The inspectors determined that the licensee's failure to control welding and inspection activities was a performance deficiency warranting further review. Using the guidance in IMC 0612, "Power Reactor Inspection Reports," Appendix B, Issue Screening," dated September 7, 2012, the inspectors determined that the performance deficiency was more than minor; and thus a finding because it was associated with the Initiating Events cornerstone attribute of human performance and adversely affected the cornerstone objective to limit the likelihood of events that upset plant stability and challenge critical safety functions during shutdown as well as power operations. The inspectors determined that the finding could be evaluated using the significance determination process in accordance with IMC 0609, Appendix A, "The Significance Determination Process for Findings At-Power," Exhibit 1, dated June 19, 2012. The inspectors reviewed the Initiating Events screening questions in Exhibit 1 and determined the finding to be of very low safety significance (Green) because after a reasonable assessment of degradation the leak would not have exceeded the RCS leak rate for a small-break LOCA and the leak would not have affected other systems used to mitigate a LOCA (e.g., an interfacing system LOCA).

This finding has a cross-cutting aspect in the area of human performance, resources, because the licensee failed to ensure that personnel, equipment, procedures, and other resources were available and adequate to support nuclear safety. Specifically, the licensee failed to provide additional precautions, controls, and oversight for the personnel performing the welding activities, inspection activities, and supervisory activities, such that the welder, QC inspector, and supervisor were able to complete a weld that met the requirements of the design drawing and to perform an adequate inspection of the weld to determine that it met the acceptance criteria established by the

design drawing [IMC 0310, H.1].

Enforcement:

Title 10 of the CFR, Part 50, Appendix B, Criterion IX, "Control of Special Processes," requires that measures shall be established to assure that special processes, including welding, heat treating, and nondestructive testing, are controlled and accomplished by qualified personnel using qualified procedures in accordance with applicable codes, standards, specifications, criteria, and other special requirements." Contrary to this requirement, on or about April 15, 2015, the licensee failed to control welding and inspection activities during the replacement of the vent valve appendage on the reactor recirculation loop 'A' discharge valve. Specifically, the licensee failed to assure that the welding and inspection activities were completed per the design drawing.

More specifically, the fillet weld legs of the shop and field welds were butted together in some instances and had a space between in others with no apparent weld buildup on the pipe as directed by the drawing. The licensee entered the issue into its CAP as CR 2016-01071. Correction actions included installation of an alternative pipe and cap to replace the failed vent line appendage, plugging and capping of the reactor recirculation loop 'A' flow control valve vent line appendage and performed a weld build up on the 18 reactor recirculation loop 'B' flow control valve vent appendage line.
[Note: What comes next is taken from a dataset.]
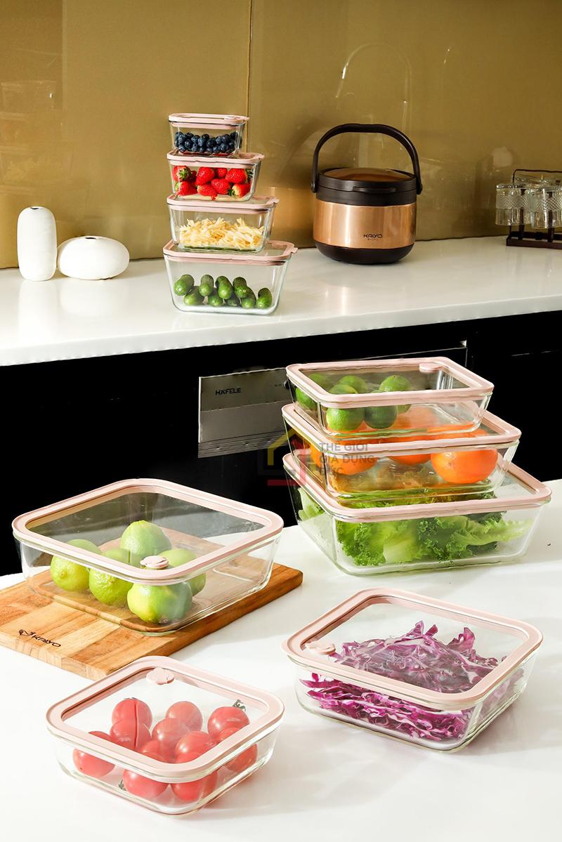 Hộp thủy tinh chịu nhiệt hình chữ nhật dáng sâu Kaiyo
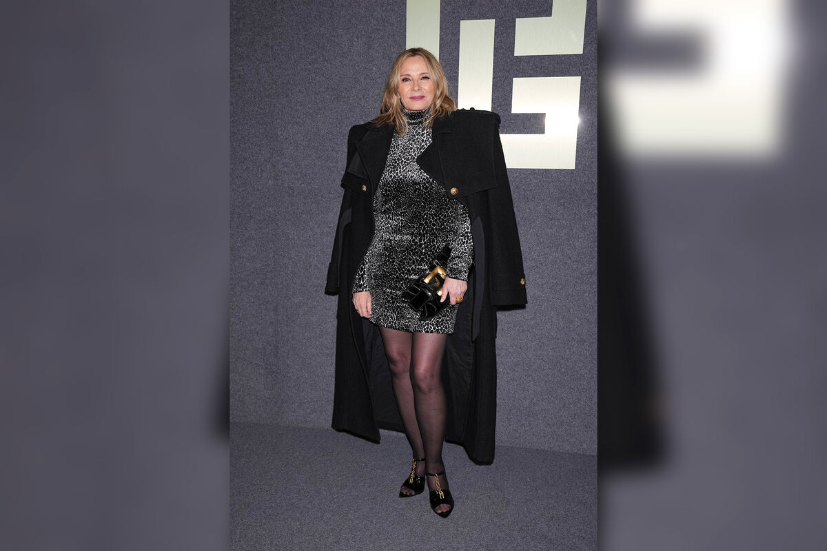 68-летняя Ким Кэтролл стала гостьей показа Balmain, который прошел 5 марта в рамках Недели моды в Париже. Актриса предстала перед камерами в черном облегающем мини-платье с леопардовым принтом и длинном пальто с золотыми пуговицами. Артистка завершила наряд лаковым клатчем с пряжкой, массивным кольцом, колготками и босоножками на каблуках. Знаменитость позировала с распущенными волосами и макияжем с угольно-черными стрелками и розовой помадой.

Because this violation was of very low safety significance and was entered into the licensee's CAP, the violation is being treated as a NCV, consistent with Section 2.3.2.a of the NRC Enforcement Policy. (NCV 05000440/2016001-02, Failure to Control Welding and Inspection Activities to Maintain Reactor Coolant System Integrity)

(3) Failure to Take Actions to Prevent a Loss of Safety Function during Reactor Recirculation Pump Downshift
Introduction:

A finding of very low safety significance (Green) and an associated NCV of TS 5.4.1, "Procedures," was self-revealed on January 24, 2016, when a loss of safety system function occurred as a result of the operators failing to take steps to prevent all operable APRMs from becoming out of specification in the non-conservative direction after a recirculation pump shift to slow speed. Specifically, while in the process of reducing power to allow for a drywell entry at low power the recirculation pumps were shifted to slow speed and all seven of the inservice APRMs went out of specification low which was the non-conservative direction. The operators immediately declared all inservice APRMs inoperable and took actions to restore the operability of at least one APRM in each channel.

Description:

On January 24, 2016, while shutting the reactor down for a drywell entry to locate a leak inside the drywell, the licensee conducted a downshift of reactor recirculation pumps. Prior to the downshift, the operators took no action to calibrate APRMs so that the post-shift condition of the APRMs would remain operable. The downshift process is an understood process by the operators, which causes the reference calculation for calibration of the APRMs to shift to a different source. This is known to cause the APRMs to read a lower value than the reference. The resulting shift of the pumps with no operator actions caused all seven of the inservice APRMs to read greater than 2 percent lower than the calculated reference. As a result, all inservice APRMs were declared inoperable and the operator made appropriate reports to the NRC for the loss of safety function. The operators took immediate actions to restore at least one APRM in each of the two channels of the RPS.

Analysis:

The inspectors determined that the operator's failure to take action to prevent all operable APRMs from going out of specification low, despite understanding the cause, was a performance deficiency warranting further review. Using the guidance in IMC 0612, "Power Reactor IRs," Appendix B, "Issue Screening," dated September 7, 2012, the inspectors determined that the performance deficiency was more than minor; and thus, a finding because it was associated with the human performance attribute of the Mitigating Systems cornerstone and adversely affected the cornerstone objective to ensure the availability, reliability, and capability of systems that respond to initiating events to prevent undesirable consequences. The inspectors determined that the finding could be evaluated using the significance determination process in accordance with IMC 0609, Appendix A, "The Significance Determination Process for Findings At-Power," Exhibit 2, dated June 19, 2012. The inspectors reviewed the Mitigating Systems screening questions in Exhibit 2 for Reactivity Control Systems and determined the finding to be of very low safety significance because it did not result in the loss of reactivity control systems beyond a single trip signal function and did not result in a mismanagement of reactivity by the operators. (Green).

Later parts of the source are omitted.